Among the works of recent years, it is also worth mentioning Machine Learning-Based Network Anomaly Detection: Design, Implementation, and Evaluation (2024) [39], where the authors developed a comprehensive approach to searching for anomalies in network traffic using session features and SVM and XGBoost classifiers. The article Impact of Machine Learning on Intrusion Detection Systems for the Protection of Critical Infrastructure [40] (2021) systematises the experience of using ML to protect industrial systems and outlines directions for improving IDS. Deep Learning Approaches for Intrusion Detection Systems: A Survey [41] (2020) provides an overview of CNN-, RNN-, and autoencoder models that exhibit competitive results on the KDDCup and NSL-KDD datasets. The paper An Ensemble Deep Learning Approach for Cyberattack Detection in Cloud Computing [42] (2019) proposes an ensemble CNN+LSTM for attack detection in cloud environments, demonstrating high accuracy due to the combination of spatial and temporal features. The paper Malware Detection Using Convolutional Neural Networks and Transfer Learning [43] (2020) demonstrates how the use of pre-trained CNN architectures improves malware classification. The Hybrid Artificial Intelligence System for DDoS Attack Detection [44] (2022) presents a combination of neural networks and stochastic methods for early detection of DDoS flows. Finally, A Survey on Machine Learning and Deep Learning Techniques for Cybersecurity [45] offers a broad systematisation of ML/DL applications for intrusion detection, malware, and other cyber threats.

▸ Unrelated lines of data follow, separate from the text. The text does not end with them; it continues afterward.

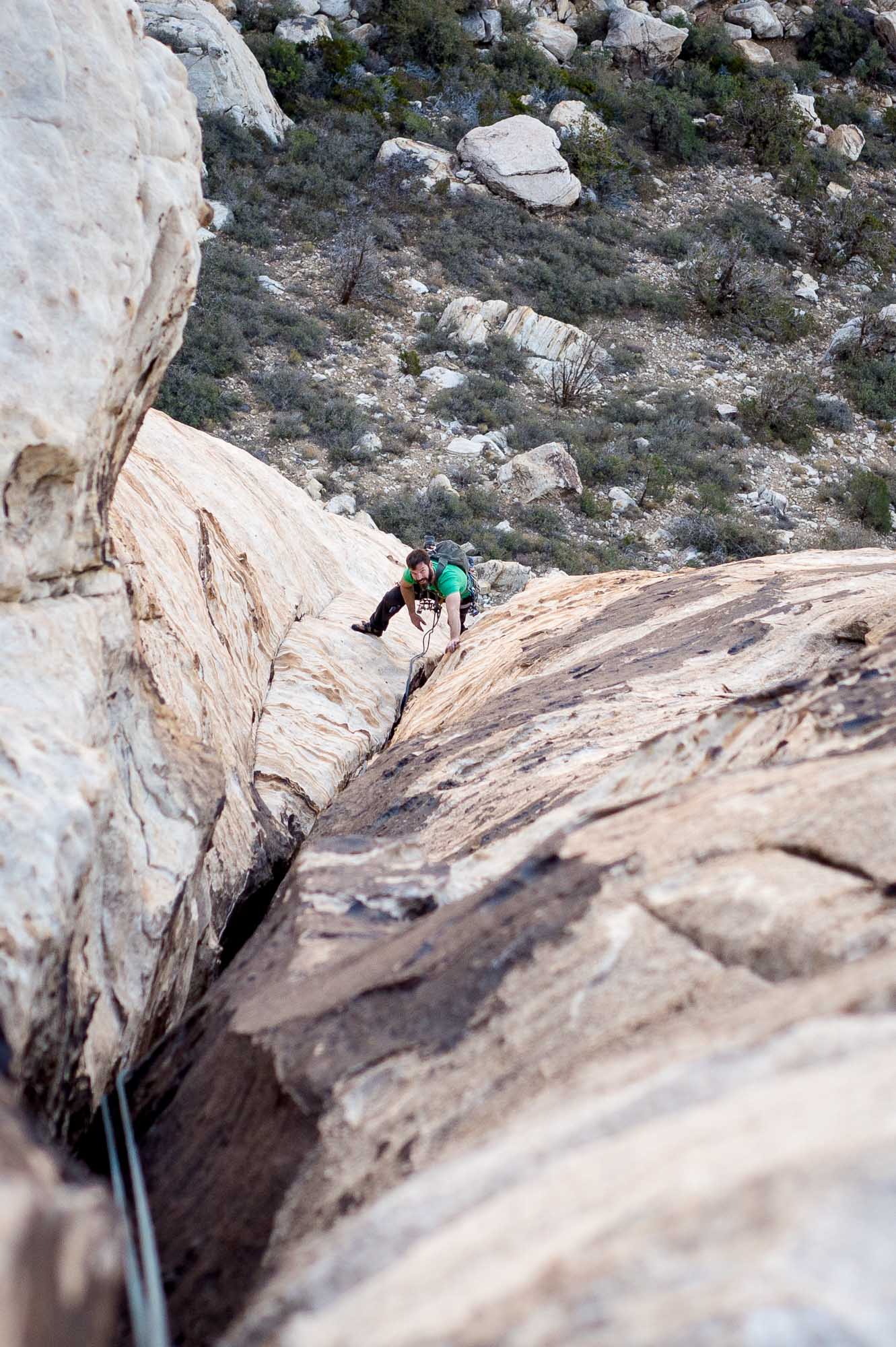 Darren took the first lead. After three hundred feet of climbing he belayed me up on a #4 and we switched off. I immediately got off route, but Darren caught my mistake before it went too terribly wrong. I downclimbed twenty feet and things went well after that.
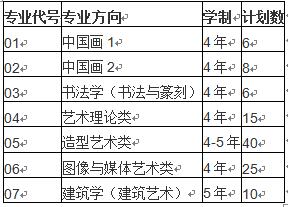 实践类95名:中国画(中国画1,中国画2)14名,书法学(书法与篆刻) 6名,造型艺术类40名,图像与媒体艺术类25名,建筑学(建筑艺术)10名。
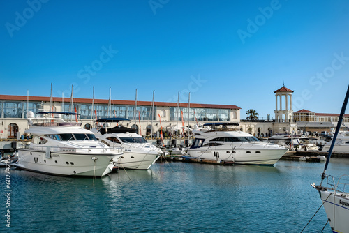 Russia, Sochi -April 13, 2023, seaport, Ships and yachts at the pier
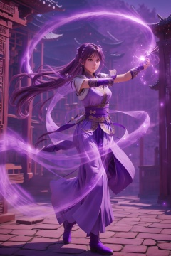 purple-aura,using purple-magic,purple-magic,ancient-costume,dancing,fighting stance,1girl,solo,long hair,brown hair,<lora:magic_fighting_purple_512_15:0.8>,
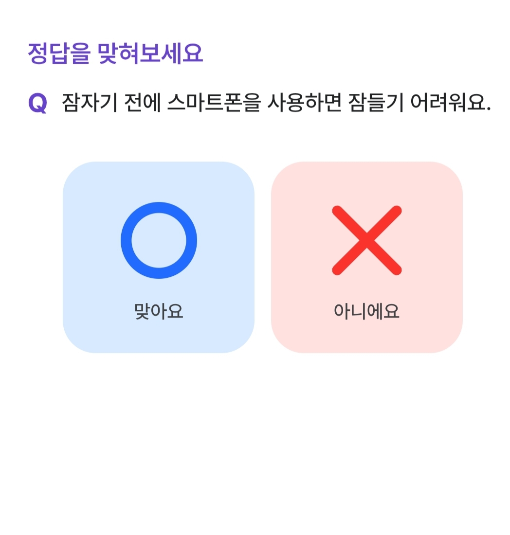 Q : 잠자기 전에 스마트폰을 사용하면 잠들기 어려워요.
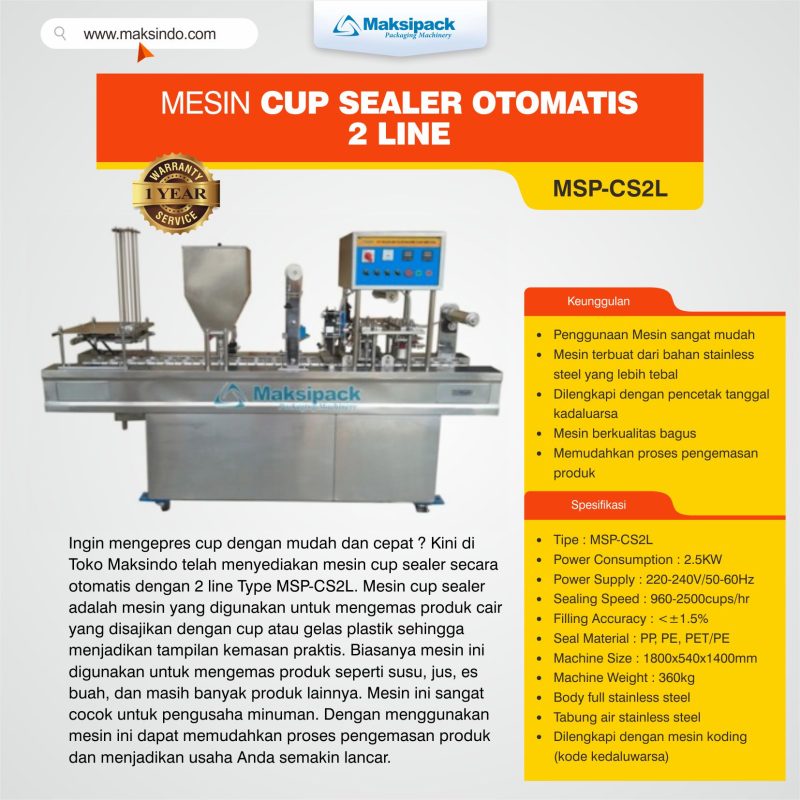 Ingin mengepres cup dengan mudah dan cepat ? Kini di Toko Maksindo telah menyediakan mesin cup sealer secara otomatis dengan 2 line Type MSP-CS2L. Mesin cup sealer adalah mesin yang digunakan untuk mengemas produk cair yang disajikan dengan cup atau gelas plastik sehingga menjadikan tampilan kemasan praktis. Biasanya mesin ini digunakan untuk mengemas produk seperti susu, jus, es buah, dan masih banyak produk lainnya. Mesin ini sangat cocok untuk pengusaha minuman. Dengan menggunakan mesin ini dapat memudahkan proses pengemasan produk dan menjadikan usaha Anda semakin lancar.
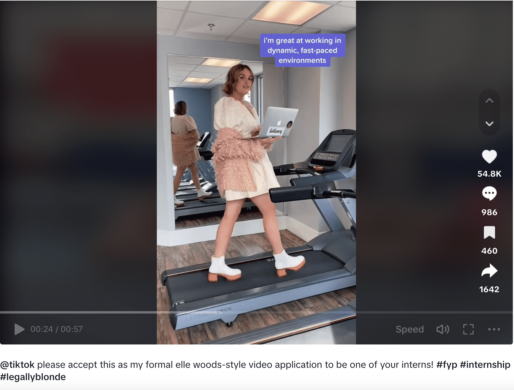 Kalli Roberts, een voormalig studente van Brigham Young University in Utah, is ook een kandidaat die dankzij TikTok een kans heeft gekregen. Nadat zij haar video-cv (geïnspireerd op Legally Blonde) had gepost, is het haar gelukt om een stage bij TikTok zelf in de wacht te slepen op hun afdeling global business. "Ik ben heel goed in het werken in een dynamische omgeving met een hoog tempo" zegt ze al lopend op een loopband.
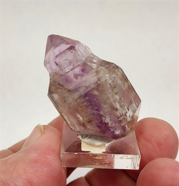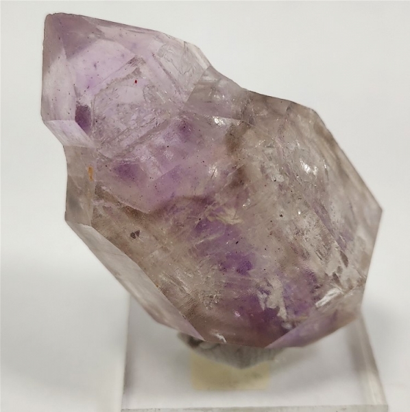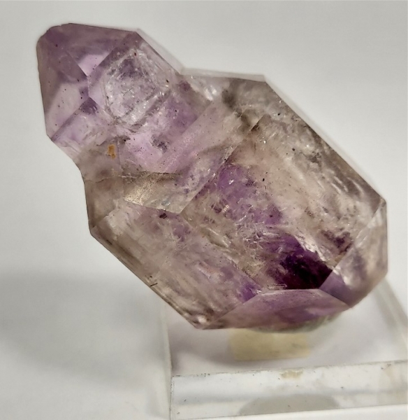 This DT reverse scepter has a light colored amethyst core surrounded by clear and slightly smoky edge terminations.
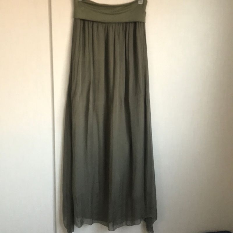 Saia Longa Musseline Toque de Seda Verde Oliva Made In Italy Tamanho 36 Saia Feminina Made In Italy Usado 87961824 enjoei
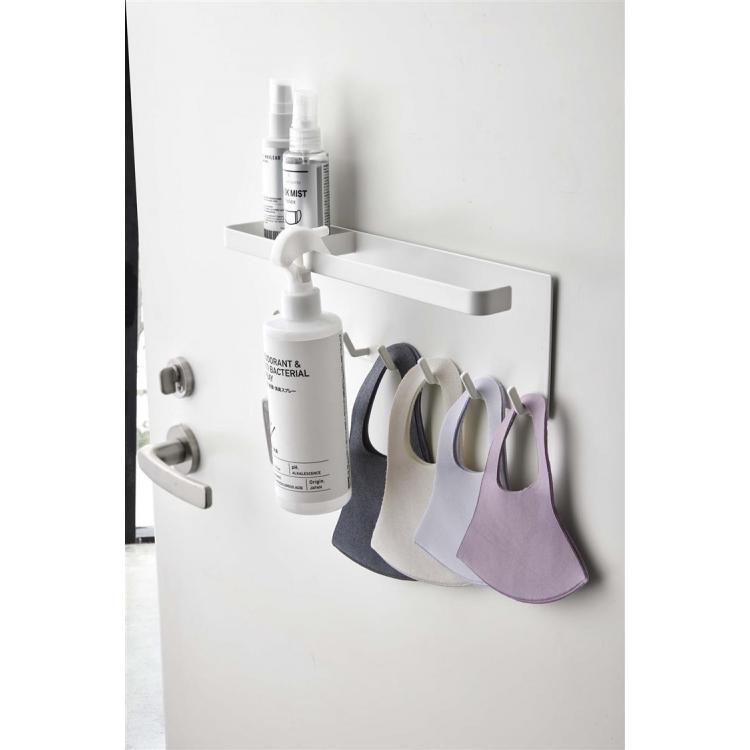 玄関扉に貼り付けてコンパクトに収納でき、お出かけの際にサッと準備できます。
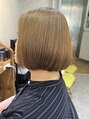 ダブルカラーで作る柔らかいベージュボブ。軽さを出さず毛先に程よい重みを残すことで、落ち着きと上品さをキープ。抜け感のある色味で大人カジュアルな雰囲気に仕上がります。
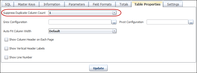 Go to the ‘Table Properties’ tab of the report, and in the field ‘Suppress Duplicate Column count’, you can choose a number, as long as the ORDER by clause contains at least as many columns, and then in this case, it is important to have the ORDER BY clause in the same sequence as the SELECT statement itself.
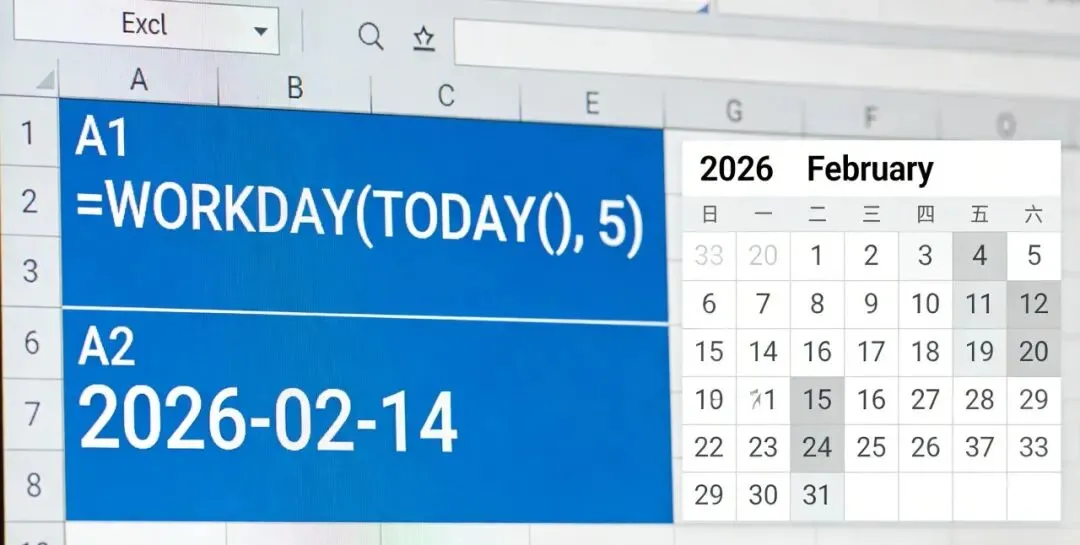 举个例子:今天安排任务,要求5个工作日内完成,输入公式=WORKDAY(TODAY(), 5),系统会自动跳过周末,直接算出截止日期(2026-02-14);
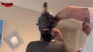 绑好后,她绑好的头发将被绑在她背部的一个锚点上,大脚趾将被紧紧绑住,让她摆出一个高度顺从的姿势。Ms McReese will be hooded with a Gwendolyn style latex hood, blindfolded with a crisscross leather strap device, then wrapped in vetwrap to be cinched in with leather straps.
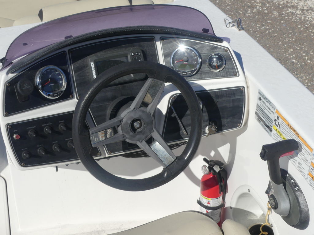 Easy To NavigateThe sporty design of our helm allows you to take control of the water with confidence thanks to its intuitive design. Distinctive red-needle sweep gauges keep tabs on performance; premium center-mounted fish finder makes every cast count and convenient recessed phone holder ensures you’re always connected.
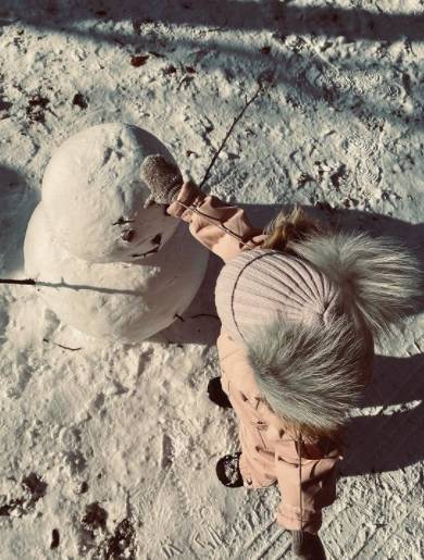 공개된 사진 속에는 밤새 내린 눈을 밟으며 행복해하고 있는 한채아 딸의 모습이 담겼다. 누군가 만들어 둔 눈사람을 만지고 있는 앙증맞은 일상이 미소를 자아낸다.
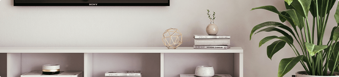 Muitas pessoas perguntam se a TV pode ser mais larga do que o suporte. A resposta é não, certifique-se de que o móvel é maior para proteger a sua TV contra quedas. Preste também atenção à profundidade do móvel, pois deve ter espaço suficiente para a sua TV e equipamentos adicionais. Além da segurança, outra vantagem dum móvel maior é o espaço de arrumação que oferece. Adicione alguns elementos decorativos, um truque usado frequentemente para integrar a tecnologia num design aconchegante.
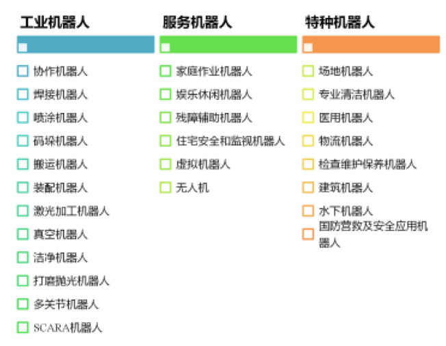 如今机器人产业已成为国内最火热的产业之一,从中央部委到地方政府都非常重视。各路资本争相进入机器人行业,机器人的应用场景也是包络万象。小R对机器人进行了简单的分类,如图(1)所示。
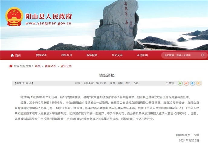 ·官方通報“13歲男孩性侵8歲女童警方不立案”:涉事男孩已被送至專門學(xué)校進(jìn)行訓(xùn)誡教育。
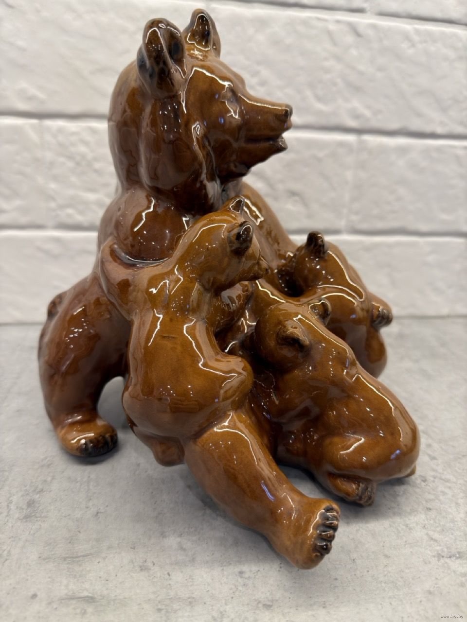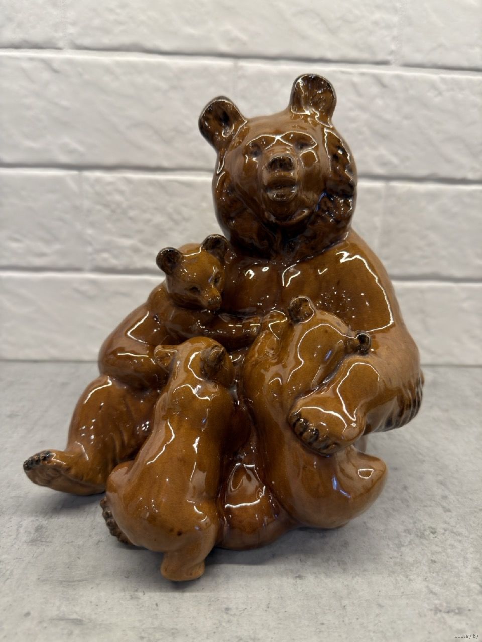 Статуэтка МЕДВЕДИЦА С МЕДВЕЖАТАМИ. Старая Гжель 1950 тые годы. Большая. Редкость!. Распродажа коллекции!!!

Recent research studies have explored large language models (LLMs) for code analysis and semiautomatic triage support [21], as well as mixed expert approaches MoEVD, where the type of CWE is first determined and then a specialised detector for a specific class is activated [19]. In parallel, work is emerging aimed at improving the robustness and explainability of models: “are we learning the right features” analysis and spurious pattern detection [17], causal learning for cutting off false correlations CausalVul [18], counterfactual explainers CFExplainer for GNN detectors [24], and contrastive explainability methods Coca [25].

In addition to finding errors in the source code, artificial intelligence is widely used to detect malicious traffic, botnets, DDoS attacks, and hidden data. For example, Savenko et al. proposed a method for dynamic detection of malicious code based on API call tracing [31]. Pomorova et al. used a rich-agent architecture and fuzzy logic to detect botnets in corporate networks [32]. Lysenko et al. applied evolutionary algorithms to detect cyberattacks [33], and also investigated the detection of low-speed DDoS attacks using self-similar traffic features [34]. Other works apply the clonal selection algorithm [35] and semi-classical fuzzy clustering, fuzzy-c-means to detect DDoS botnets [36]. A method for detecting steganographic changes based on machine learning has been proposed for media content [37].

Despite significant progress, most approaches focus either on one subtype of overflow (most often stack overflow) or on a specific language/paradigm and rarely take into account the limitations of system/embedded software (RTOS, drivers, MCU environment). This is manifested in the instability of metrics in “atypical” cases, difficulties with portability between projects, and the lack of clear explanations for developers. That is why, further in this article, we rely on formal risk conditions and patterns from CVE/NVD/OWASP as an interpreted basis. We apply a three-class YOLO detector (Stack/Heap/Off-by-One) on graph code renderings on top to combine scalability, generalizability, and explainability in the context of system software.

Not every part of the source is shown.